Formed in Melbourne in 2008, City Calm Down have now released their fourth album, Television, and Jack notes that from the start the band’s motivation has remained the same:

‘We make music for ourselves first, and everyone else second. So, the primary focus is to enjoy it and create music that excites us.’  

Television is a wholly different album creatively: ‘We'd already started piecing together more stripped back arrangements for our songs but Burke Reid, who produced the record, really helped us refine that process. Burke characterised the challenge as trying to make the song recognisable if you were to hear it playing in the next room.’  
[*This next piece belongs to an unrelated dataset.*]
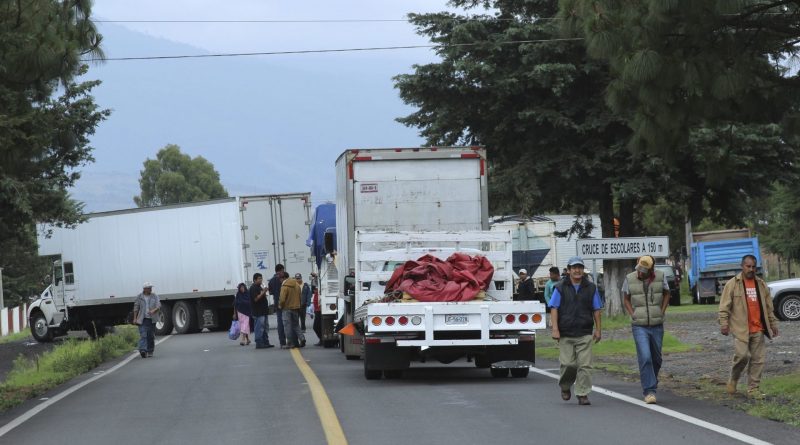 Comuneros bloquean carretera federal de Michoacán en apoyo a normalistas baleados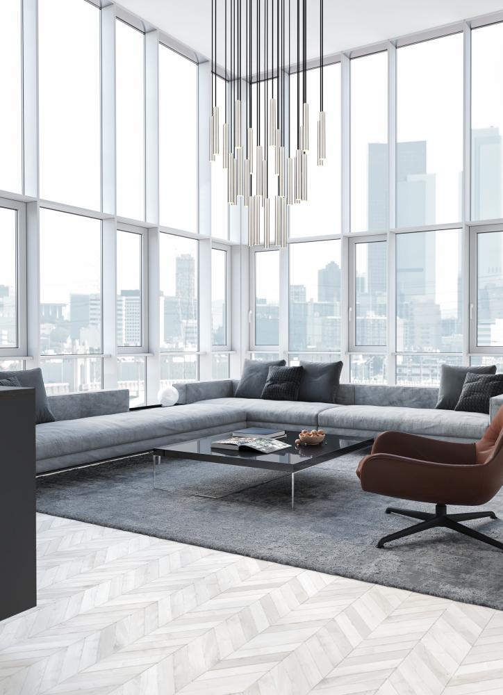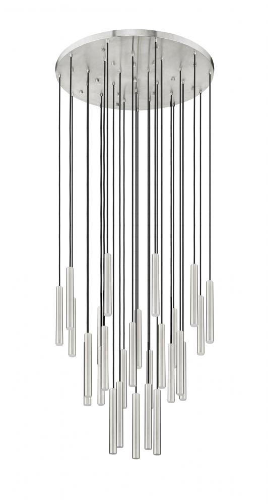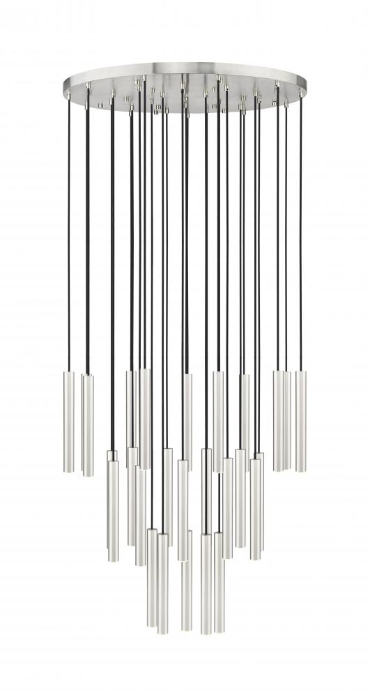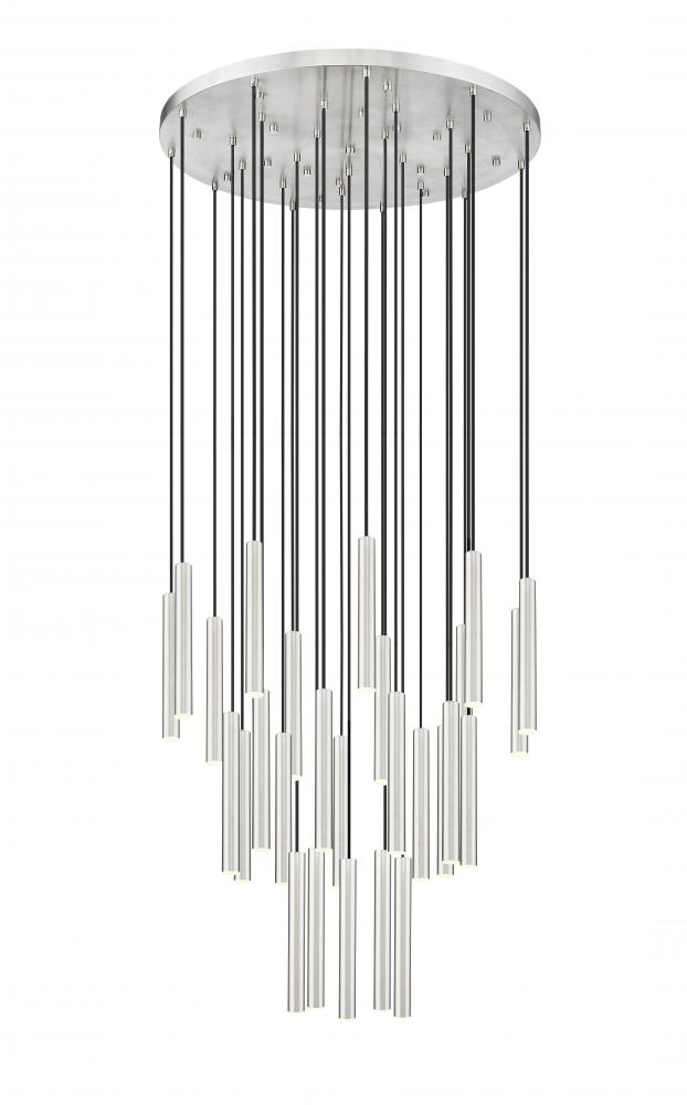 Sculpted simplicity sets the tone for this modern 27-light LED chandelier with staggered lights. Its round canopy and brushed nickel finish are compelling in their versatility, offering a fresh perspective to a fixture that augments any living or dining space. Its sculptural waterfall silhouette is a refined touch, perfect for staircases, high-ceilinged living areas and beyond.

This is a process Jack credits to a conscious trimming down of sorts: ‘It was purposeful. We wanted to make the songs simpler in terms of the number of “ideas” that were happening in each section of music. In other words, to declutter our arrangements. The reason was that we wanted to produce a more focussed record that was more direct both musically and lyrically.’  

City Calm Down - Television 

Throughout Television there is a sense of melancholy and nostalgia, despite the upbeat nature of the music. Bourke sees this as central: ‘I certainly gravitate towards music that has bittersweet qualities to it. I think this is because such music feels coherent with the world around me. It's a wonderful place but it's also a brutal place. Music is just a manifestation of that reality.’  

Lyrically Bourke calls to mind reflections on this ‘wonderful’ yet ‘brutal’ life in this album. In the album title song Television he warns of the mind-numbing reliance on media, a zombified life letting the world pass you by. ‘Digital technology is both liberating and tyrannical, depending on who controls it, who uses it and how they use it.’ Yet despite the force to his message, his lyrics are only allegorical and instead, ‘tend to err away from being too prescriptive. The world is a complicated place and there are already lots of people telling us and each other how we should live our lives. I write my lyrics with the goal of forcing a question rather than dictating an answer.’  

Through the eyes of Bourke and City Calm Down the world is a nuanced and bittersweet spectrum of ups and downs. There aren’t many albums which convey this keener than Television, well worth a listen this week.